═══ Provided data ═══
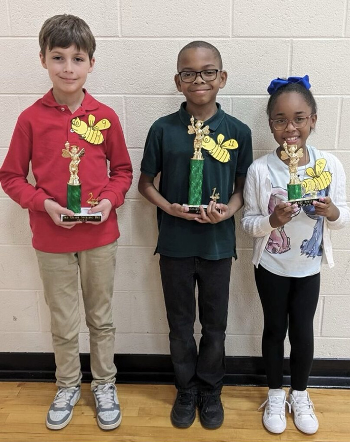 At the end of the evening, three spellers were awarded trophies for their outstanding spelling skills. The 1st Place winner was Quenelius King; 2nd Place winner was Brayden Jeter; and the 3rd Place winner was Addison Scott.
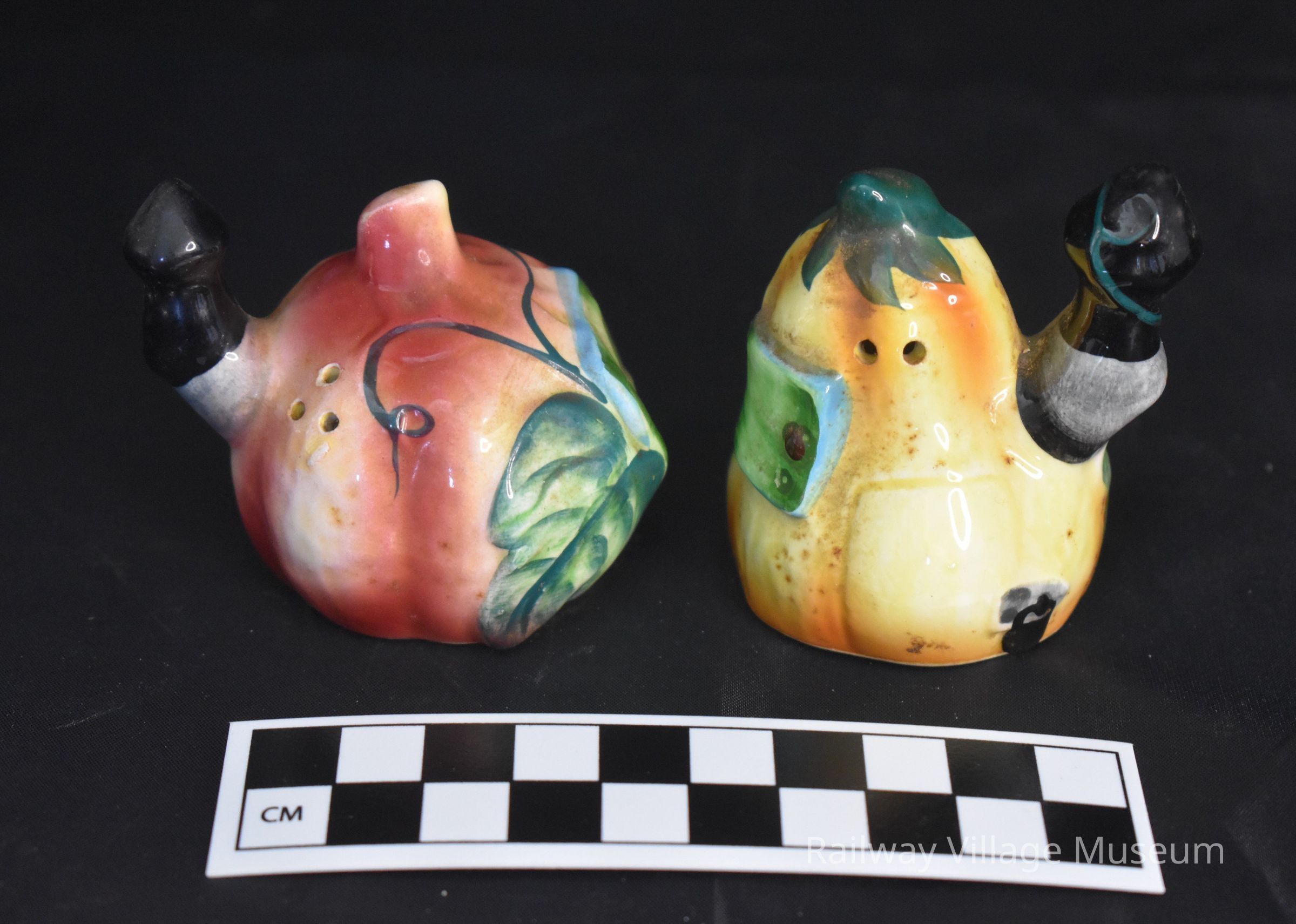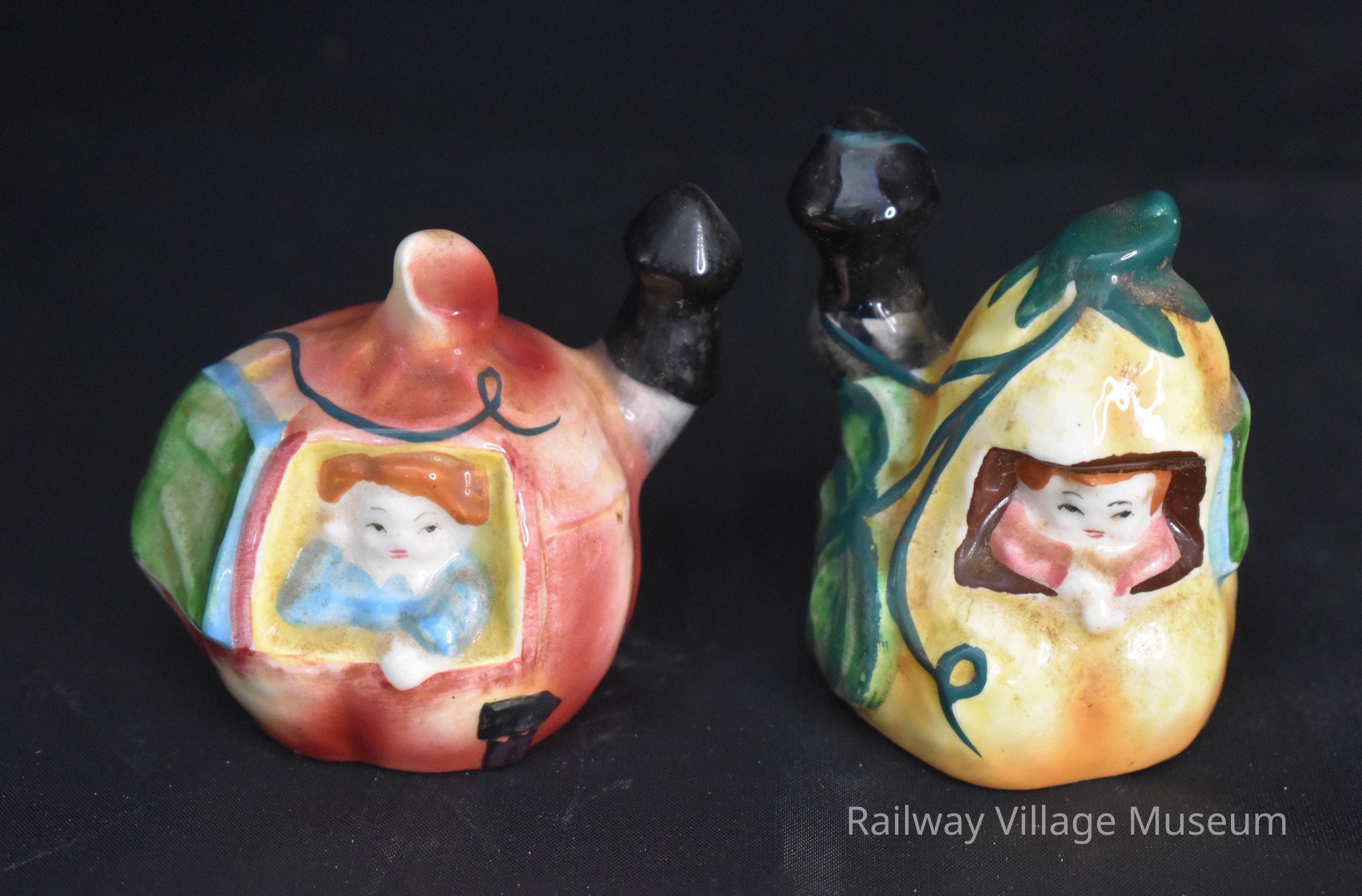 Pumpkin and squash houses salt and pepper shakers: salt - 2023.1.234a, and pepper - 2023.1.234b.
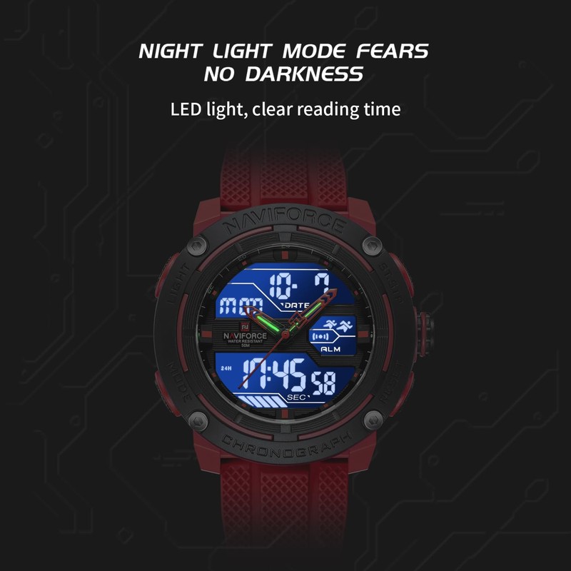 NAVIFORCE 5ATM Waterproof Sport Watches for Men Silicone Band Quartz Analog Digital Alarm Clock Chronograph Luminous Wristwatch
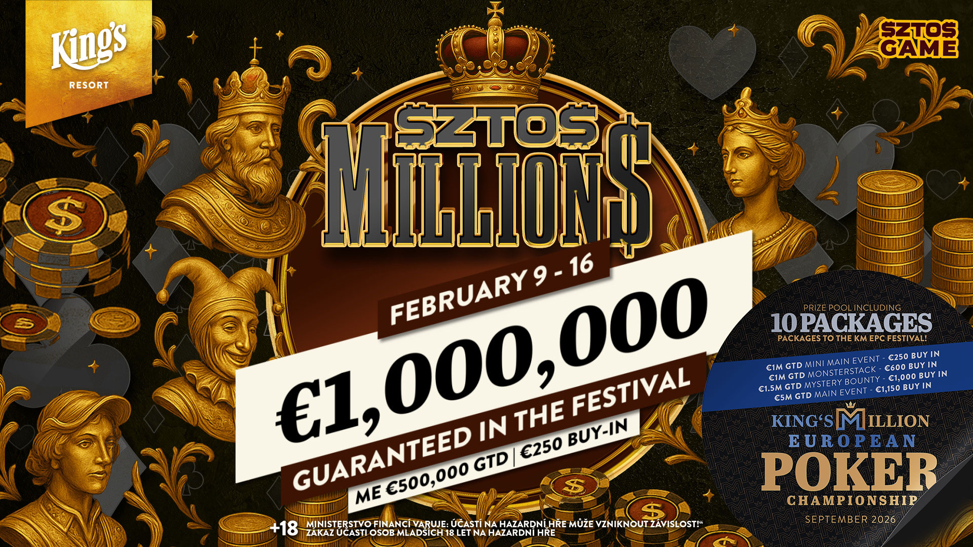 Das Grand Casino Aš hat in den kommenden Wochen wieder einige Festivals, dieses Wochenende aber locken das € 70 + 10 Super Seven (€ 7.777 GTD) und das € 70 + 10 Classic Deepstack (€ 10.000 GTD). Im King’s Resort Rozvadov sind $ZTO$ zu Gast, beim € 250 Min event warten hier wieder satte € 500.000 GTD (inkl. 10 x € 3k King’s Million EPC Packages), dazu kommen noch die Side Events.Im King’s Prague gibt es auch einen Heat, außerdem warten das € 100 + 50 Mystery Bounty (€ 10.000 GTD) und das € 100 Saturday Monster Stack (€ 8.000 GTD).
═══
Task objective: Your task is to restate word for word the lines from the top of the data to the line containing "NAVIFORCE 5ATM Waterproof", both ends included, with every picture left out.

Response:
 At the end of the evening, three spellers were awarded trophies for their outstanding spelling skills. The 1st Place winner was Quenelius King; 2nd Place winner was Brayden Jeter; and the 3rd Place winner was Addison Scott.
 Pumpkin and squash houses salt and pepper shakers: salt - 2023.1.234a, and pepper - 2023.1.234b.
 NAVIFORCE 5ATM Waterproof Sport Watches for Men Silicone Band Quartz Analog Digital Alarm Clock Chronograph Luminous Wristwatch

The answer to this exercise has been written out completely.